Hooglede-Gits

Am Scheuen Montag (Schuwe Maandag) wurde Hooglede-Gits gewaltsam von den Deutschen eingenommen und die Einwohner ergriffen die Flucht. Flüchtlinge aus Staden wie auch viele Soldaten nahmen die Plätze der Einwohner ein. Während des Ersten Weltkriegs wurde Hooglede- Gits zu einer wichtigen Bevorratungsstelle. Dort wurde unter anderem Kriegsmaterial eingelagert für die Front nahe Poelkapelle, Langemark und Houthulst.

Ende Oktober 1914 wurde die erste Ortskommandantur in Hooglede-Gits errichtet und etwas später bekam auch das Stadtviertel Sleihage eine eigene Ortskommandantur. Der Bürgermeister von Hooglede, Emiel Vereecke, und die Gemeindeverwaltung mussten erzwungenermaßen mit den Deutschen zusammenarbeiten. Die Gemeinden Hooglede und Gits hatten sich gegen 1915 in wahre Kasernen verwandelt: in allen Häusern waren deutsche Soldaten einquartiert und in den Gemeinden konnten sich die Soldaten entspannen und erholen.

Während der Dritten Ypernschlacht wurde Hooglede zu einem wichtigen Ort für die Versorgung der Verletzten. Auβerdem wurde ein groβer deutscher Militärfriedhof auf dem Gelände hinter dem Krankenhaus angelegt. Anfang August 1917 wurden die Einwohner von Hooglede evakuiert. Kurz nach dieser Evakuierung, in der zweiten Septemberhälfte, wurde die Gemeinde oft zur Zielscheibe von britischen Luftangriffen. In Gits blieb zuerst ein Teil der Bevölkerung zurück, aber als die Gemeinde zwangsevakuiert wurde, verlieβen auch sie ihre Häuser.

Die Ruheplätze in Hooglede und Gits wurden im Herbst 1917 von deutschen Truppen überrumpelt da der Druck der Briten nahe Poelkapelle die Deutschen in diese Gemeinden getrieben hatte. Es drohte eine Überbevölkerung, die die Ruhe und den Komfort vertreiben würde. Darüber hinaus wurden Hooglede und Gits ständig bombardiert. Sleihage, wo sich unter anderem ein Verbandplatz, eine Feldküche und eine lokale Ortskommandantur befanden, wurde zum gröβten Teil für die Aufstellung von Artillerie geräumt. Da Sleihage auf der Kreuzung zweier wichtiger Verkehrswegen lag, wurde es oft unter Beschuss genommen.

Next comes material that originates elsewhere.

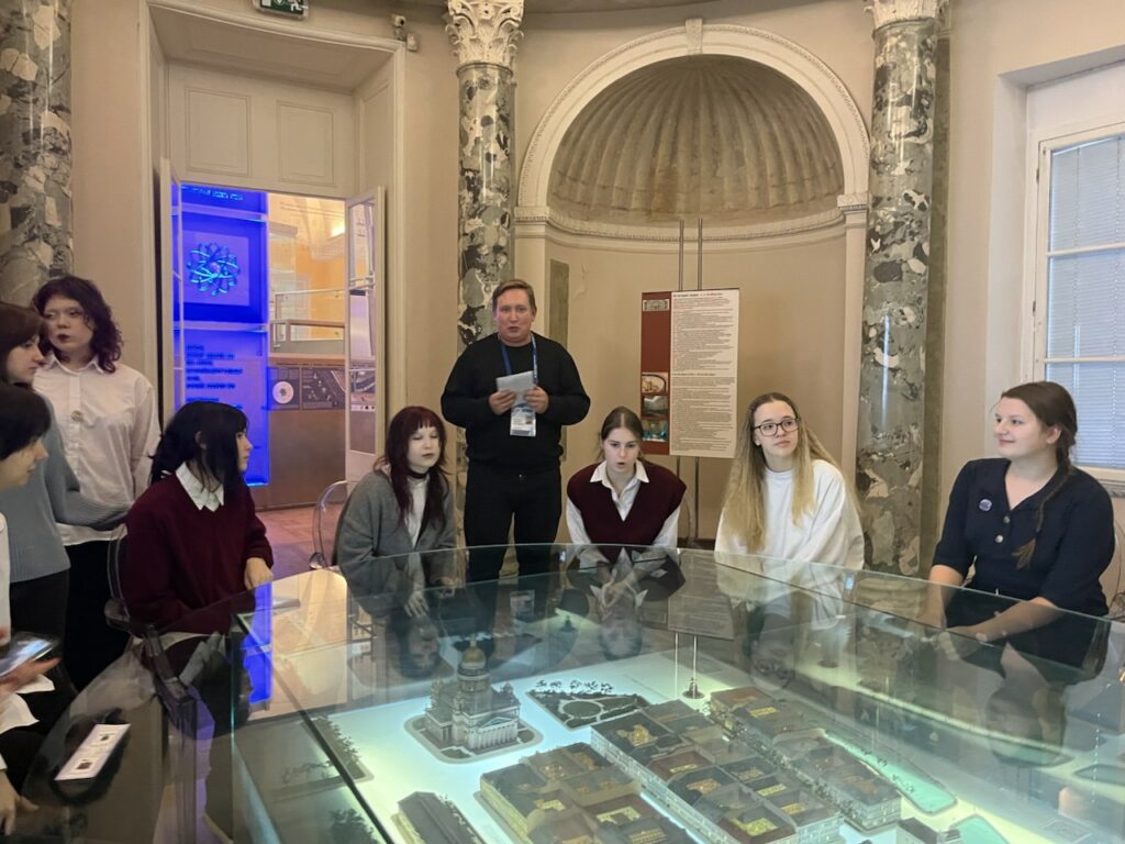 Экскурсия была организована под кураторством старшего преподавателя кафедры УСТиГБ и руководителя образовательной программы «Гостиничное дело» Дмитрия Бурлова. Проведя студентов по технологическому периметру подготовки форума, руководитель сектора технического сопровождения специальных проектов отдела развития и продаж услуг площадки ООО «ЭФ-Интернэшнл» Максим Етчо предоставил уникальный шанс увидеть «закулисье» создания масштабного события — от этапов брендирования пространства до финишной приемки стендов подрядчиков.

Ende März 1918 brach in Frankreich eine neue Offensive los, die dazu führte, dass sich die Front weiter von Hooglede-Gits entfernte. Dadurch zogen sich viele deutsche Truppen aus der Region zurück und die Ruhe kehrte wieder in Hooglede ein. Anfang April wurde die Ruhe aber wieder gestört, da wegen einer neuen Offensive wieder neue Truppen in Hooglede-Gits ankamen.

Ende September 1918 gelang es den belgischen Truppen, bis nach Sleihage vorzustoβen. Dort fielen in den schweren Kämpfen viele deutsche Soldaten. Sleihage wurde letztendlich ohne allzu viel Blutvergieβen befreit. In Hooglede dagegen stieβen die Alliierten auf viel Widerstand der Deutschen. Erst Mitte Oktober wurde Hooglede schlieβlich auch von den belgischen Soldaten eingenommen. Ende Oktober 1918 konnten die Einwohner in ihre Gemeinde zurückkehren. Hooglede-Gits und Umgebung waren völlig zerstört.